Just as I predicted a year ago, and reiterated on another blog just last week, as more of these documents get translated we are going to see that the only thing the loony left has been hanging their hat on is soon going to crumble before their very eyes – “Sadam had no ties to the people who attacked us on 9/11”. It may not be next week, and this particular document doesn’t prove anything in and of itself…but 20 or 30 of these documents will. At last check, there were hundreds of thousands of documents form Iraq secret service and military just waiting to be translated.

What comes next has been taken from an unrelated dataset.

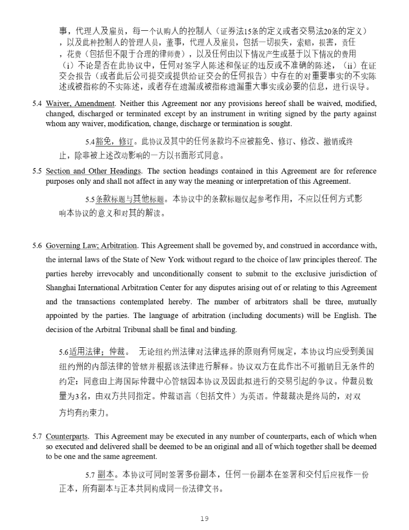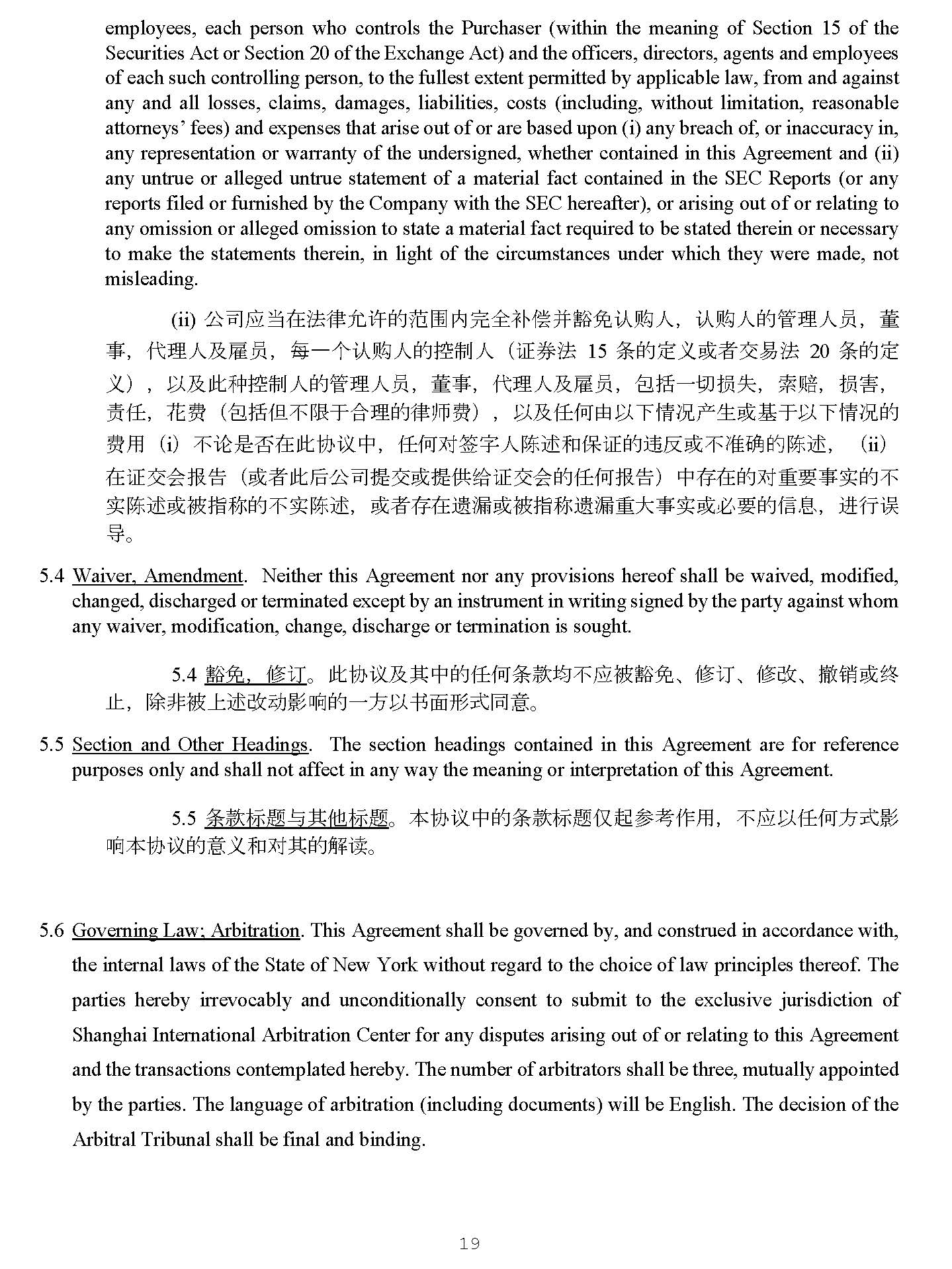 19 4928 - 2523 - 4026, v. 8 ሬ DŽ 5 . 4 Waiver, Amendment . Neither this Agreement nor any provisions hereof shall be waived, modified, changed, discharged or terminated except by an instrument in writing signed by the party against whom any waiver, modification, change, discharge or termination is sought . 5.4 䉱ݽ ˈ ؞䇒 DŽ ↔ॿ䇞৺ަѝⲴԫօᶑⅮ൷нᓄ㻛䉱ݽ ǃ ؞䇒 ǃ ؞᭩ ǃ 䬰ᡆ㓸 → ˈ 䲔䶎㻛к䘠᭩ࣘᖡ૽ⲴаᯩԕҖ䶒ᖒᔿ਼ DŽ 5 . 5 Section and Other Headings . The section headings contained in this Agreement are for reference purposes only and shall not affect in any way the meaning or interpretation of this Agreement . 5.5 ᶑⅮḷ仈оަԆḷ仈 DŽ ᵜॿ䇞ѝⲴᶑⅮḷ仈ӵ䎧৲㘳⭘ ˈ нᓄԕԫօᯩᔿᖡ ૽ᵜॿ䇞Ⲵѹ઼ሩަⲴ䀓䈫 DŽ 5 . 6 Governing Law ; Arbitration . This Agreement shall be governed by, and construed in accordance with, the internal laws of the State of New York without regard to the choice of law principles thereof . The parties hereby irrevocably and unconditionally consent to submit to the exclusive jurisdiction of Shanghai International Arbitration Center for any disputes arising out of or relating to this Agreement and the transactions contemplated hereby . The number of arbitrators shall be three, mutually appointed by the parties . The language of arbitration (including documents) will be English . The decision of the Arbitral Tribunal shall be final and binding . 5 . 6 䘲⭘⌅ᖻ ˗ Ԣ㻱 DŽ ᰐ䇪㓭㓖ᐎ⌅ᖻሩ⌅ᖻ䘹ᤙⲴࡉᴹօ㿴ᇊ ˈ ᵜॿ䇞൷ᓄਇࡠ㖾ഭ 㓭㓖ᐎⲴ䜘⌅ᖻⲴ㇑䗆ᒦṩᦞ䈕⌅ᖻ䘋㹼䀓䟺 DŽ ॿ䇞ৼᯩ൘↔ࠪнਟ䬰фᰐᶑԦⲴ 㓖ᇊ ˖ ਼⭡к⎧ഭ䱵Ԣ㻱ѝᗳ㇑䗆ഐᵜॿ䇞৺ഐ↔ᤏ䘋㹼ⲴӔ᱃ᕅ䎧Ⲵҹ䇞 DŽ Ԣ㻱ઈᮠ 䟿Ѫ 3 ˈ ⭡ৼᯩޡ਼ᤷᇊ DŽ Ԣ㻱䈝䀰 ˄ वᤜ᮷Ԧ ˅ Ѫ㤡䈝 DŽ Ԣ㻱㻱ߣᱟ㓸ተⲴ ˈ ሩৼᯩ ൷ᴹ㓖ᶏ࣋ DŽ 5 . 7 Counterparts . This Agreement may be executed in any number of counterparts, each of which when so executed and delivered shall be deemed to be an original and all of which together shall be deemed to be one and the same agreement . 5.7 ࢟ᵜ DŽ ᵜॿ䇞ਟ਼ᰦㆮ㖢ཊԭ࢟ᵜ ˈ ԫօаԭ࢟ᵜ൘ㆮ㖢઼ӔԈਾᓄ㿶аԭ ↓ᵜ ˈ ᡰᴹ࢟ᵜо↓ᵜޡ਼ᶴᡀ਼аԭ⌅ᖻ᮷Җ DŽ 5 . 8 Notices . All notices and other communications provided for herein shall be in writing and shall be deemed to have been duly given if delivered personally or sent by registered or certified mail, return receipt requested, postage prepaid or if delivered by electronic transmission, on the business day of such delivery if sent by 6 : 00 p . m . in the time zone of the recipient, or if sent after that time, on the next succeeding business day :

It is with great pleasure that I direct your attention to the following (courtesy of ABC news. As an aside, why does ABC an other media, think they must put editors notes on information that is supportive of the war effort but not on information that is against it. I don’t recall any editor’s notes on the CIA leaks, but I digress):

http://abcnews.go.com/International/IraqCoverage/story?id=1734490&page=1


Here are some highlights (or lowlights depending on how bad you hate the President)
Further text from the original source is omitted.